The lemmings are on the march, but perhaps most of them have little choice in a world where the practice of science has become, to a devastating extent, equated with getting money. The typical attractor is a magical word that becomes the imprint, logo, or brand (to use the language of business) for the agencies administering public funds for (engineering and) science. This is ‘sold’ to the US Office of Management and Budget to get step function increases in R&D budgets. This labeling is a standard marketing device. Find a ‘halo’ word that most people, including the decision-maker, do not understand. The word should be new, different, euphonious, and connected somehow, however tenuously, to science. This is rarely difficult, with appropriate embellishments of connections and exaggerations of the potential benefits. Tempered claims are to be avoided. Almost nothing need be sacrosanct in the noble cause of ‘getting more money for science’. And who can object to that, except legislators and citizens? Do I exaggerate? Newsweek recently referred to a young researcher who claims that carbon nanotubes could make steel obsolete!
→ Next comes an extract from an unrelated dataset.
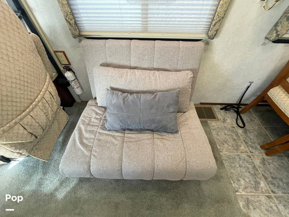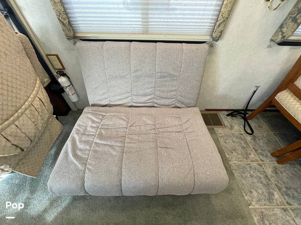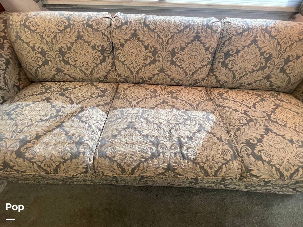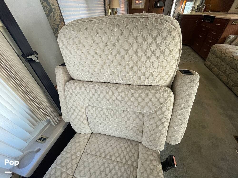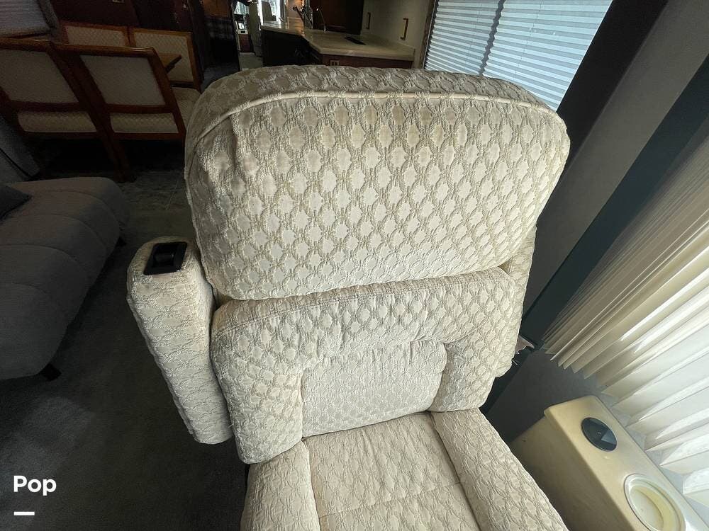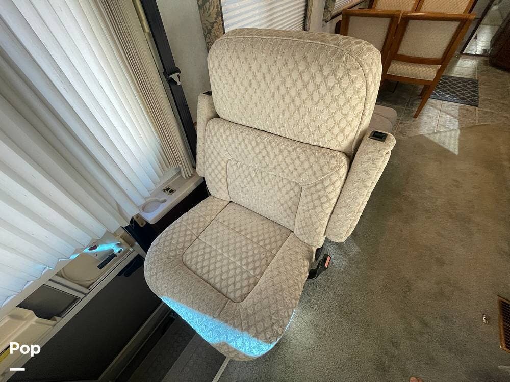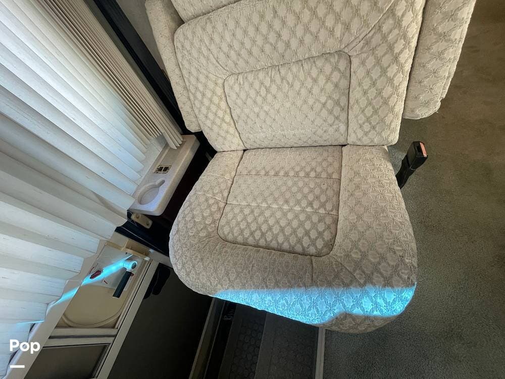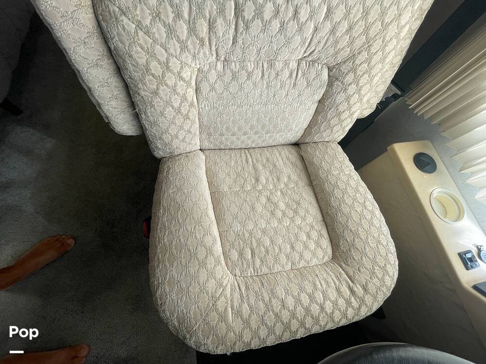Just behind the passenger swivel captain's chair is a newer sofa chair that replaces the recliner and pull-out table.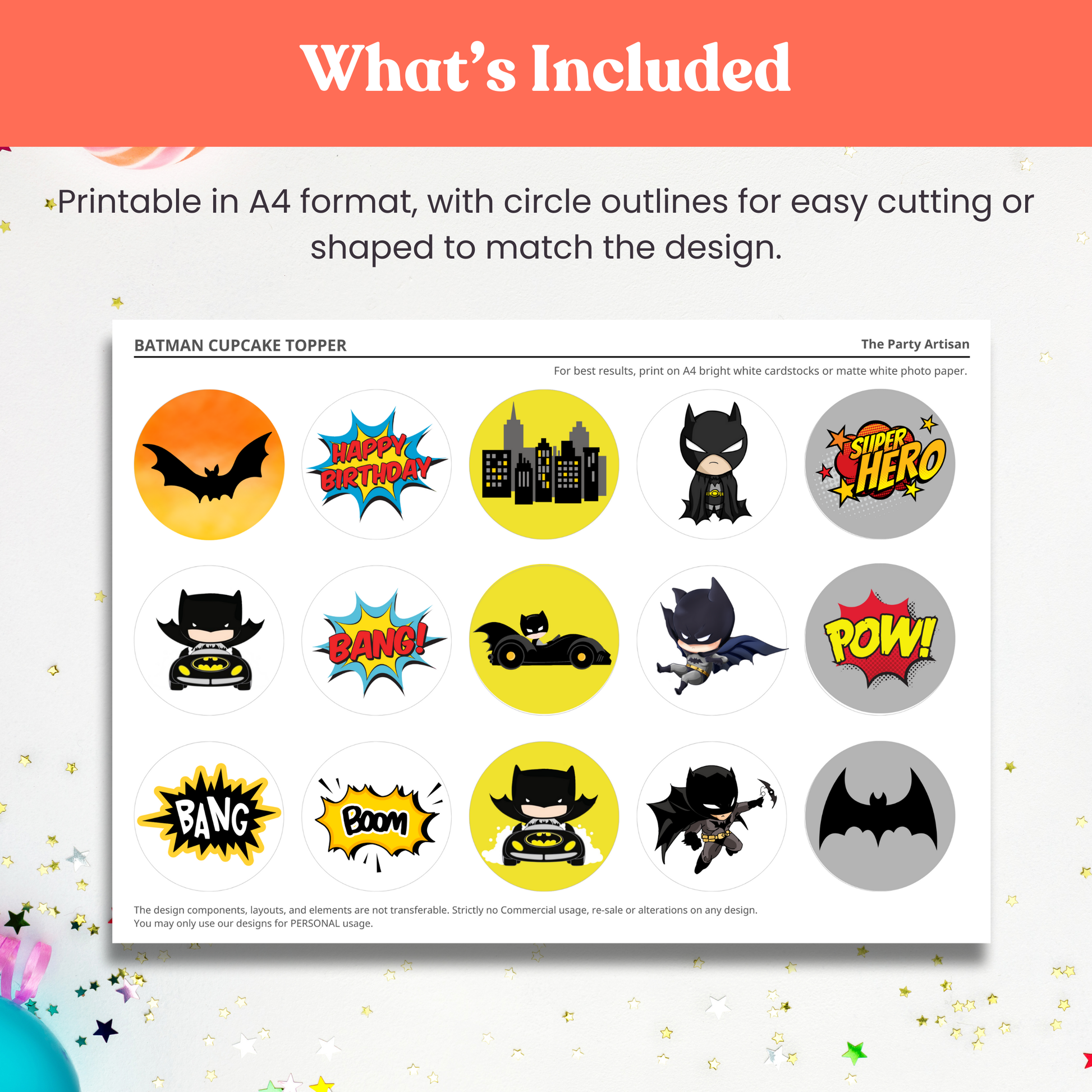 Dark City Hero Cupcake Topper Template – Printable Party Decor

This is the contemporary manifestation of the human need for mythopoesis: creating iconic ideas to which we attach special, even ‘magical’ meanings. It is a double-edged sword, and responsible scientists should enter the arena with great care.

Consider the history of the ‘life on Mars’ and ‘ceramic superconductors’ episodes. National space policy has been warped by the former phrase, based on the flimsiest data, where the consensus was, and is, against the judgment that we have any credible evidence for it. On ceramic superconductors, where there was indeed a real major discovery contravening the ruling Bardeen Cooper Schrieffer (BCS) paradigm, the issue was different. How and how much to follow up on such a discovery? I have estimated that some $10 billion has been spent on research in this area, worldwide. I suggest that $1 billion would have been adequate to make at least the same amount of progress. This would have required generously funding the established groups in the field and some of the highest-risk projects by experienced scientists in related fields. Industry roughly followed that path and most got out in just a few years. Europe was largely more measured in its response than the US. Moreover, and this is the point of this essay, the other $9 billion would almost certainly have done more and better science if spread across several fields, if it were not channeled forcibly by the hype and pull of agency requests for proposals. The scientifically unfocused group of researchers that dive into any field, because there is money there, take effort away from where the same personnel really excel and might make a contribution.

The moral question before the community should be: Is this an appropriate way for the science community to increase its budgets? Deans and scientific society presidents love to make arch comments about ethics in science. Never have I seen a discussion of the ethics of confusing the public and the non-technically-literate leadership by exaggerated claims. Every minor advance, especially in medicine, is ballyhooed on TV and by other media.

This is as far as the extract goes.